### Data items:

*** Begin section ***

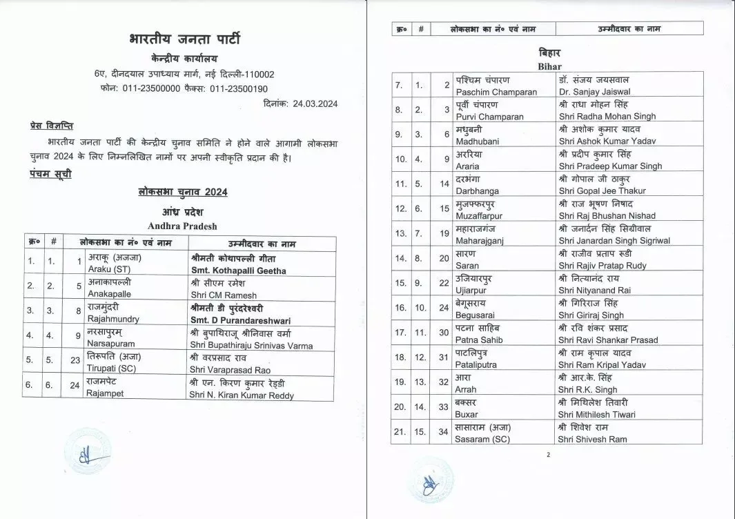 ભાજપે આજે જ પાર્ટીમાં સામેલ થયેલા નવીન જિંદાલને કુરુક્ષેત્રથી ટિકિટ આપી છે. પટના સાહિબથી રવિશંકર પ્રસાદને ઉમેદવાર બનાવવામાં આવ્યા છે. કેન્દ્રીય મંત્રી ગિરિરાજ સિંહ બેગુસરાયથી ચૂંટણી લડશે. લોકસભા ચૂંટણીને ધ્યાનમાં રાખીને ભાજપે રવિવારે ઉમેદવારોની પાંચમી યાદી જાહેર કરી છે.
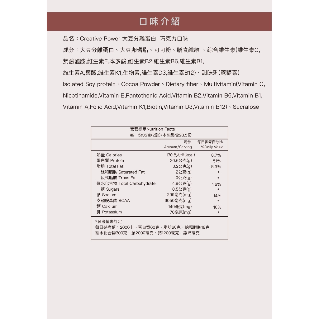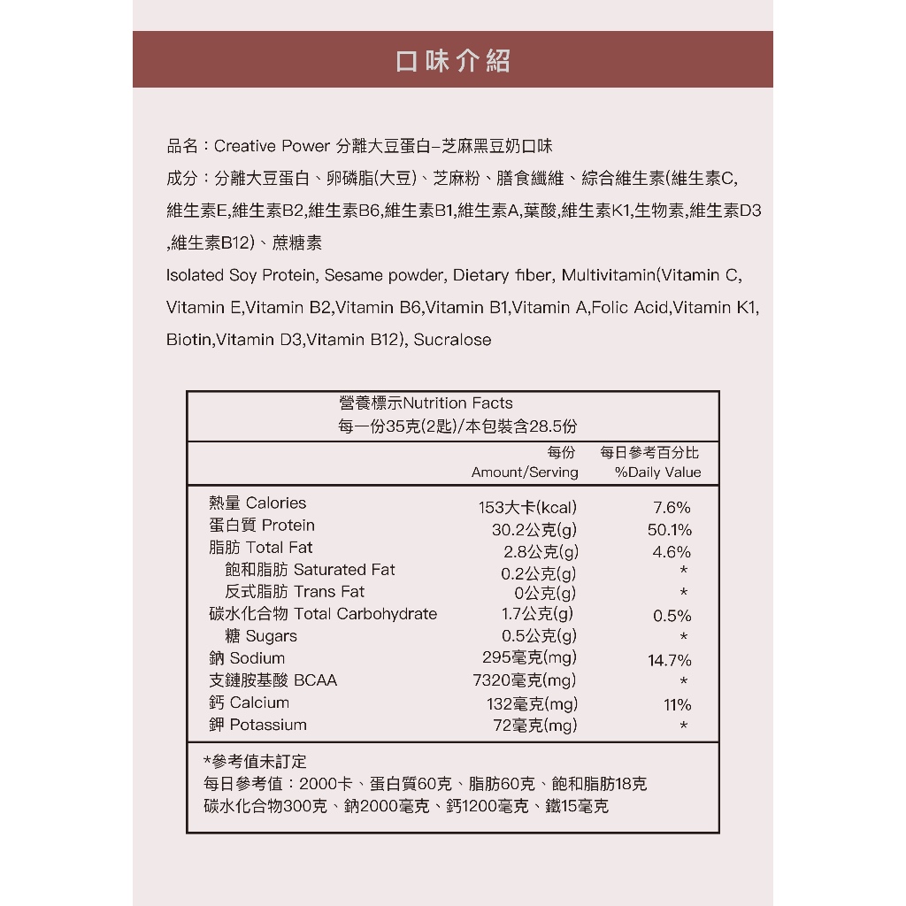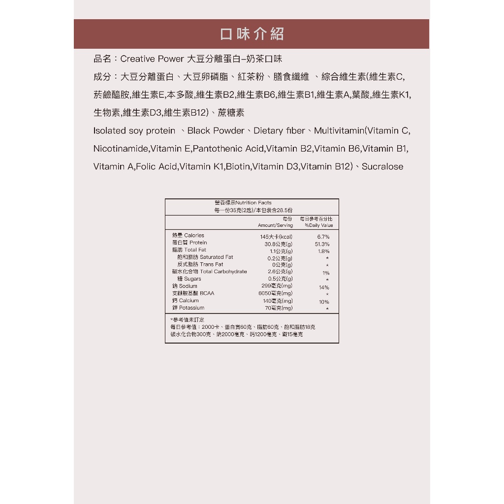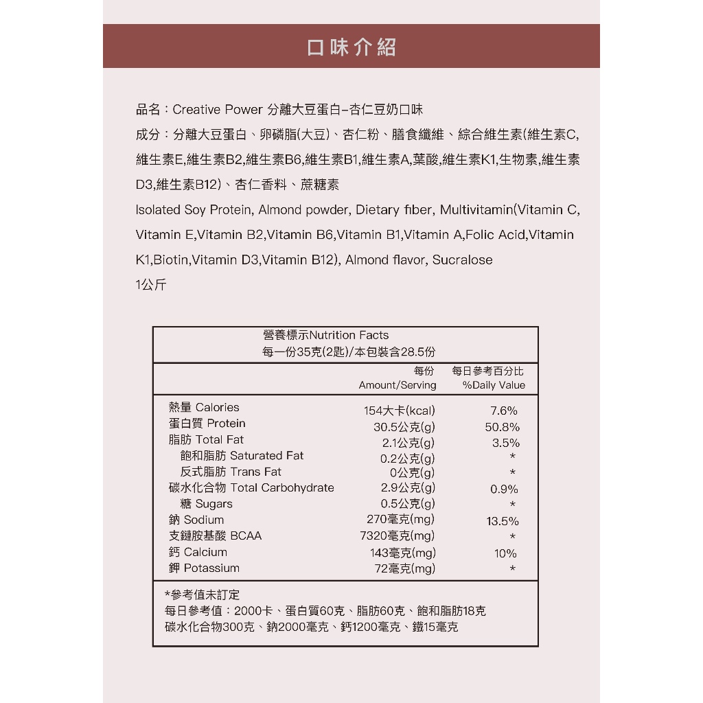 Creativepower 大豆分離蛋白1 公斤(四種口味)奶茶口味|抹茶口味|巧克力口味|芝麻豆奶|杏仁豆奶Well BeingCreative Power官方賣場
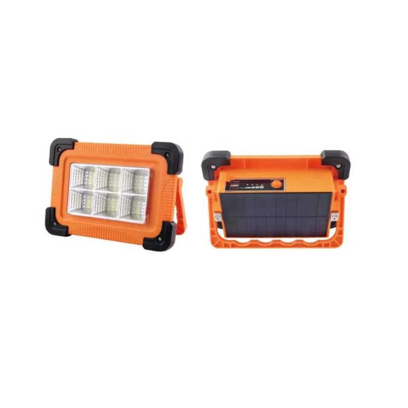 Επαναφορτιζόμενος φακός εργασίας με ενσωματωμένο ηλιακό πάνελ για έξτρα αυτονομία μπαταρίας, ισχυρό φωτισμό με ρυθμίσεις και εργονομική βάση στήριξης, ιδανικός για χρήση σε εξωτερικές δραστηριότητες, χόμπυ και εργασία.
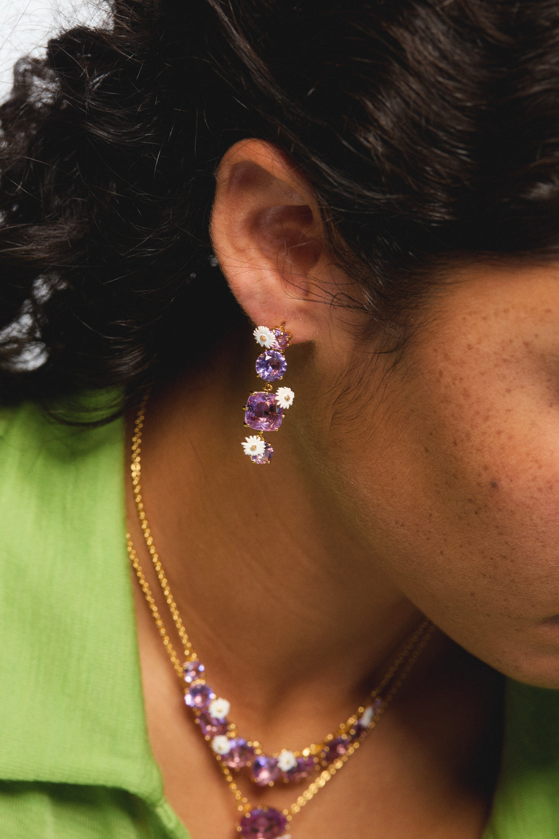 Pendientes colgantes flores 4 piedras La Diamantine lavanda y margaritas
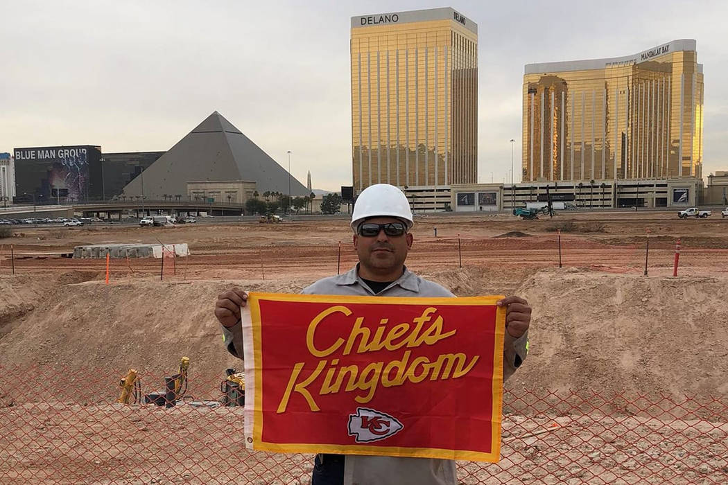 A Chiefs fan named Chris Scherzer posted a photo of a man wearing a white hardhat and dark glasses and holding a red and gold Chiefs banner with the inscription “Chiefs Kingdom” on his Facebook page. “Flag buried in dirt, encased in concrete, with a stadium built on top of it,” the message said. “Chiefs 1, Raiders 0. Las Vegas.”

*** End section ***

### PROBLEM:
Could you transcribe all of the data exactly, keeping every picture out of the copy?

### OUTPUT:
 ભાજપે આજે જ પાર્ટીમાં સામેલ થયેલા નવીન જિંદાલને કુરુક્ષેત્રથી ટિકિટ આપી છે. પટના સાહિબથી રવિશંકર પ્રસાદને ઉમેદવાર બનાવવામાં આવ્યા છે. કેન્દ્રીય મંત્રી ગિરિરાજ સિંહ બેગુસરાયથી ચૂંટણી લડશે. લોકસભા ચૂંટણીને ધ્યાનમાં રાખીને ભાજપે રવિવારે ઉમેદવારોની પાંચમી યાદી જાહેર કરી છે.
 Creativepower 大豆分離蛋白1 公斤(四種口味)奶茶口味|抹茶口味|巧克力口味|芝麻豆奶|杏仁豆奶Well BeingCreative Power官方賣場
 Επαναφορτιζόμενος φακός εργασίας με ενσωματωμένο ηλιακό πάνελ για έξτρα αυτονομία μπαταρίας, ισχυρό φωτισμό με ρυθμίσεις και εργονομική βάση στήριξης, ιδανικός για χρήση σε εξωτερικές δραστηριότητες, χόμπυ και εργασία.
 Pendientes colgantes flores 4 piedras La Diamantine lavanda y margaritas
 A Chiefs fan named Chris Scherzer posted a photo of a man wearing a white hardhat and dark glasses and holding a red and gold Chiefs banner with the inscription “Chiefs Kingdom” on his Facebook page. “Flag buried in dirt, encased in concrete, with a stadium built on top of it,” the message said. “Chiefs 1, Raiders 0. Las Vegas.”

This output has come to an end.